La petite parenthèse du jour concerne la situation de l'épeautre en Suisse. Toujours lors du congrès de mars dernier, nous avons eu la chance d'accueillir Dario Fossati, le sélectionneur de céréales de l'Agroscope (le CRA-W suisse), pensionné depuis le mois dernier après avoir, durant les 40 dernières années, créé, avec ses équipes, la majorité des variétés de blés actuellement cultivés en Suisse.
Il ne sélectionne pas d'épeautre mais a accepté de nous faire un point sur la situation de cette culture dans son pays. L'histoire de l'épeautre en Suisse est similaire à celle de la Wallonie. On y cultive cette espèce depuis le Néolithique et jusqu'au 19ème siècle, elle est la principale céréale du pays. Depuis, l'épeautre a dû céder sa place au froment mais il reste une céréale importante pour les Suisses avec environ 10.000 ha pour 80.000 ha de froment. Preuve de cet attachement à cette culture, l'Agroscope possède la plus grande collection d'épeautre du monde. Elle contient 2000 accessions. Et pourtant…
L'Agroscope ne fait plus de sélection d'épeautre et le marché de l'épeautre suisse ne repose que sur deux variétés : Oberkulmer et Ostro inscrites respectivement en 1948 et 1978. En réalité, le marché ne repose que sur une seule génétique car la variété Ostro est le résultat du croisement d'Oberkulmer avec le Rouge du Tyrol.
En cause, la décision gouvernementale motivée par des lobbies très puissants, fin des année 90', d'accorder un prix très différencié entre les « Ur dinkel », les « purs épeautre » et les autres variétés qui contiennent peu ou prou de froment.

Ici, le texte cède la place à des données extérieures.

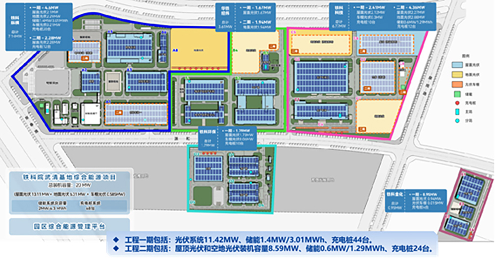 该项目是贯彻落实国家“双碳”政策及国铁集团关于国家铁路碳达峰行动的工作部署,由铁科院集团公司新能源公司投资、咨询公司负责实施开展的铁科院武清基地光储充一体化绿色低碳园区示范项目。规划建设光伏装机容量20MW、储能2MW、充电桩68台、大园区一体化综合能源管理平台,项目总体建设投资8056万。
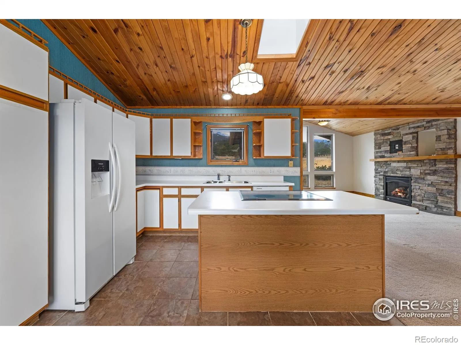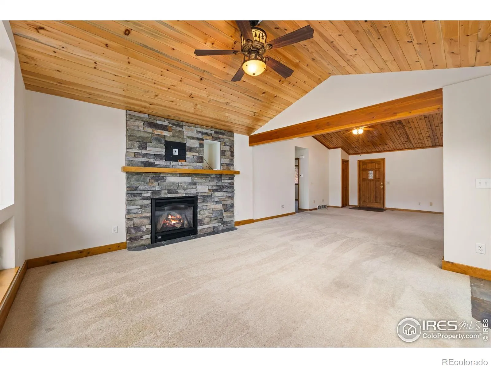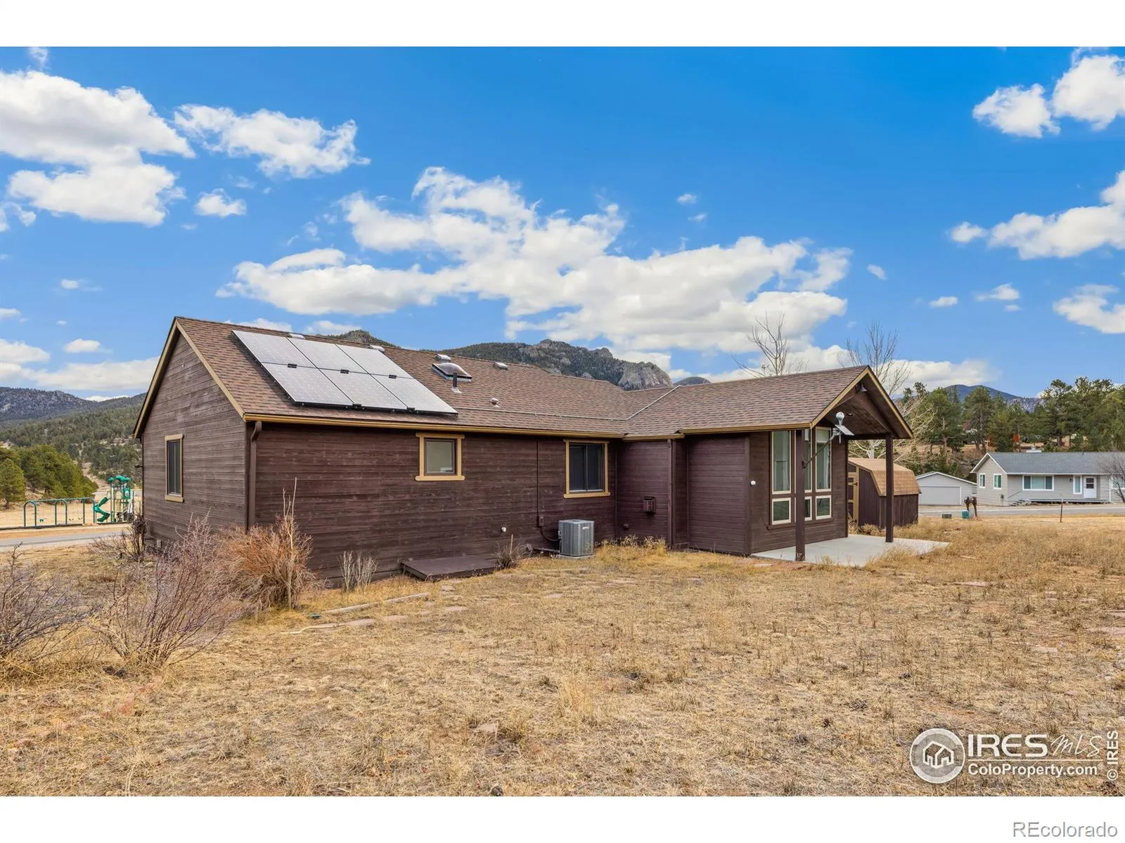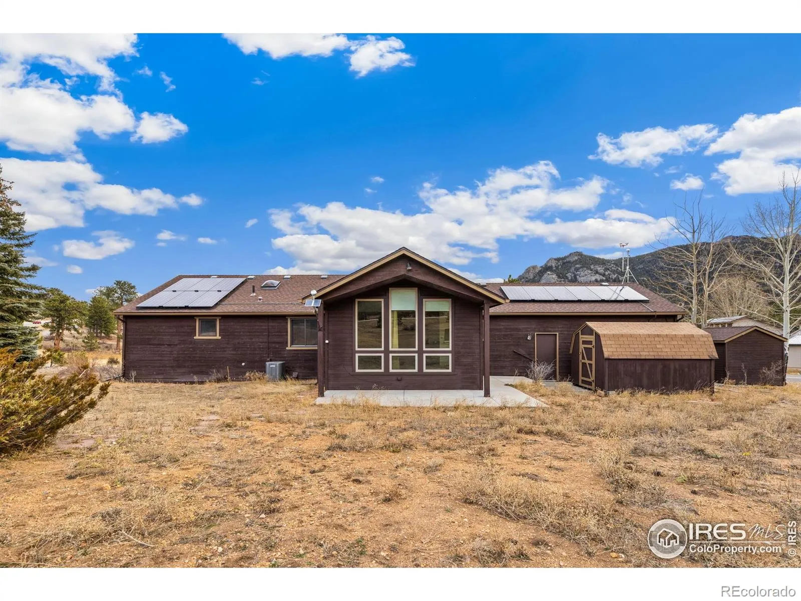 Wake up to mountain air, wide open views, and the feeling that life slows down just enough to enjoy it. Located directly across from a neighborhood playground and walking trails that connect to Scott Pond and extend all the way into town, this setting blends outdoor access with everyday convenience. Morning walks, sunset strolls, and easy trips into town become part of daily life here. Inside, vaulted wood-plank ceilings, large windows, and a cozy stone gas fireplace create a welcoming mountain atmosphere. The kitchen offers generous counter space with an island that comfortably connects the kitchen and dining areas, making daily living and entertaining feel effortless. Step outside onto the front deck and take in the quiet surroundings. A circular driveway and two-car garage add ease and functionality, while three storage sheds provide uncommon versatility. One shed is fully finished and has been used as an office, but it could just as easily serve as a workout room, art studio, or maker space-ideal for remote work or creative pursuits without sacrificing interior living space. Solar panels are included, offering energy efficiency and long-term utility savings. Built in 1993, the home reflects solid construction with enduring mountain character. Across the street, the open space and trail system feel like a natural extension of the property, with peaceful paths winding around Scott Pond and beyond. For buyers seeking a home that offers space, outdoor connection, and everyday livability while remaining close to town, this Carriage Hills property delivers a thoughtful balance that is increasingly rare in Estes Park.

La décision peut sembler pertinente au premier abord mais c'est sans compter que l'épeautre est à l'origine un hybride entre l'amidonnier et le froment (voir Avis épeautre 2) et que la définition actuelle suisse d'un « pur épeautre » est un épeautre qui doit être semblable à Oberkulmer. Nos races locales wallonnes (Avis épeautre n°6), par exemple, ne correspondent pas à cette définition. Les croisements entre les épeautres et les froments spontanés sont nombreux et les premiers croisements volontaires entre les deux sous-espèces ont été réalisés en Allemagne fin des du 19ème siècle. En Belgique, c'est seulement dans les années 50' que la Lignée 24 a été croisée avec le froment suédois Virtus pour donner naissance à la variété Ardenne et à tous ses descendants (Rouquin, Franckenkorn, Cosmos,…).
Toute la sélection suisse intégrant une part de froment a donc été balayée du marché il y a 25 ans. Ce fut notamment le cas des variétés Lueg et Hubbel, variétés, pour l'époque, bien plus résistantes et productives que Oberkulmer et Ostro.

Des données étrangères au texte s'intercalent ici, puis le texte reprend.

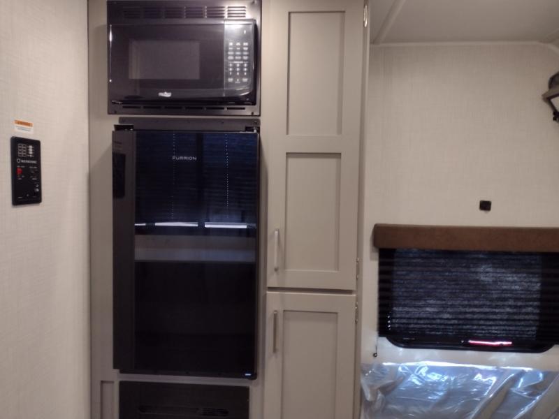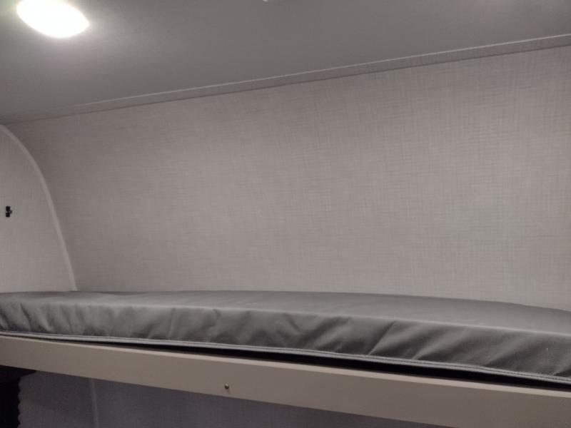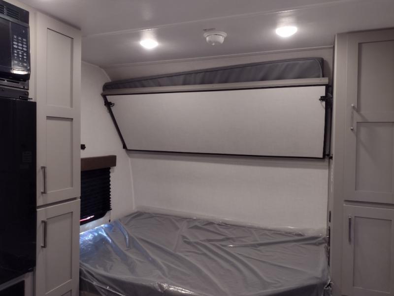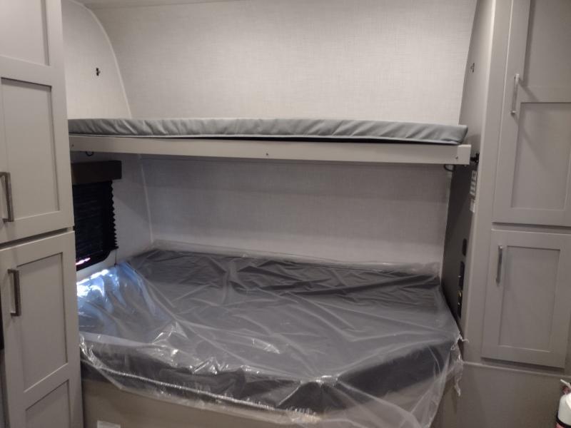 Your small crew will love camping in this lightweight travel trailer. There is a full-size bed up front with a folding bunk above plus a closet at the foot of the bed to keep your things out of the way. The two burner gas cooktop and microwave oven will let you make breakfast in the morning, and the folding table with two chairs provides a place to dine together. And a private bath with a shower and toilet lets you easily clean up after a day outdoors!
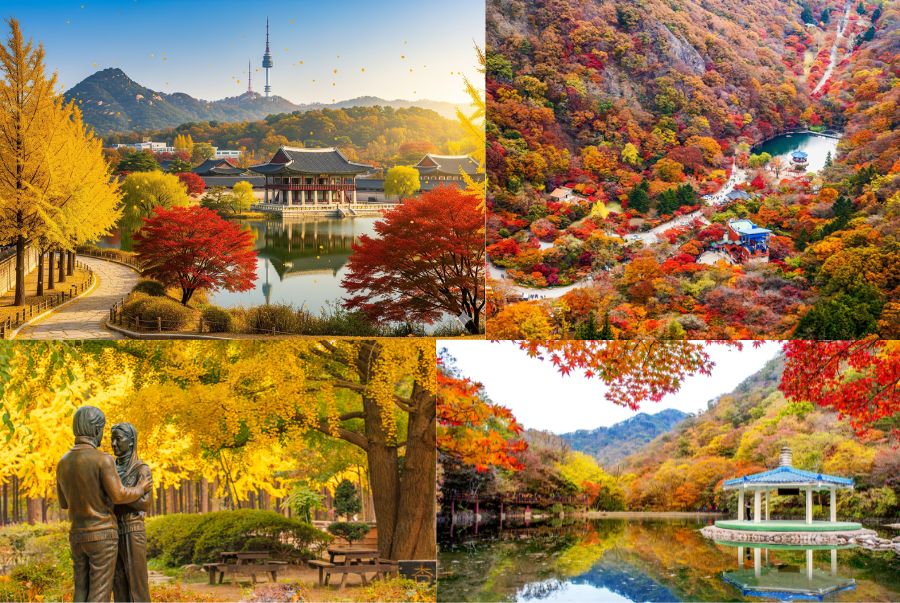 Là cung điện lớn nhất và lâu đời nhất tại thủ đô Seoul, Gyeongbokgung không chỉ là biểu tượng văn hóa, lịch sử của Hàn Quốc mà còn là một trong những điểm đến tuyệt vời nhất trong các hành trình tour du lịch Hàn Quốc mùa thu. Khi lá bắt đầu chuyển sang sắc vàng óng ánh và đỏ rực, từng góc nhỏ trong khuôn viên cung điện như bừng sáng và trở nên sống động lạ kỳ. Sự kết hợp giữa kiến trúc cổ kính và sắc màu mùa thu tạo nên một khung cảnh vừa hùng vĩ vừa nên thơ.
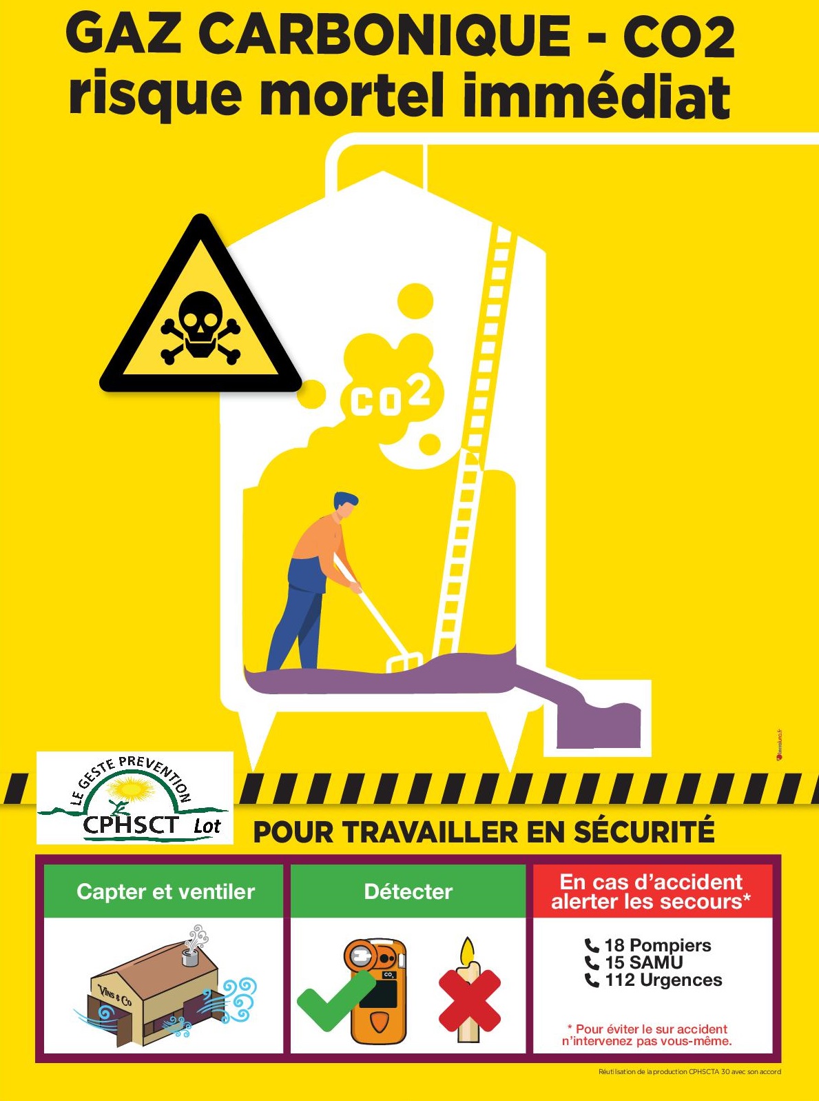 Issu de la fermentation alcoolique, le dioxyde de carbone est un gaz incolore et inodore, qui peut tuer en quelques minutes par asphyxie.

La conséquence de cette recherche de la « pureté variétale », terme qui donne des frissons 80 ans après l'ouverture des portes des camps de l'horreur, apparaît désormais clairement à l'analyse des rendements. Si depuis, 20 ans, les rendements en froment stagnent et ne diminuent pas, c'est parce que la sélection compense les pertes dues au dérèglement climatique. En épeautre, l'arrêt de la sélection et la non-utilisation d'une magnifique diversité a conduit la culture à une réduction de 30% du rendement ! Les deux « purs » épeautres sont très sensibles à la verse, aux rouilles et ne sont pas adaptés aux nouvelles conditions climatiques plus sèches et plus chaudes qui affectent la Suisse.

Dans mon métier, je passe beaucoup de temps à étudier les métabolismes de défense et de développement des espèces végétales. Je remarque avec toujours autant d'émerveillement la diversité des mécanismes mis en place par les plantes au travers des variétés. Elles n'ont jamais une façon unique de réagir face à un pathogène, un ravageur, un stress ou une carence. La diversité des variétés permet de ne pas suivre des procédures figées. En les adaptant continuellement et en mettant à profit la diversité de leurs mécanismes de réaction, on peut faire face aux défis climatiques. Dans le monde vivant, la rigidité est synonyme de mort. C'est pourquoi je plaide pour une sélection vivante et diversifiée.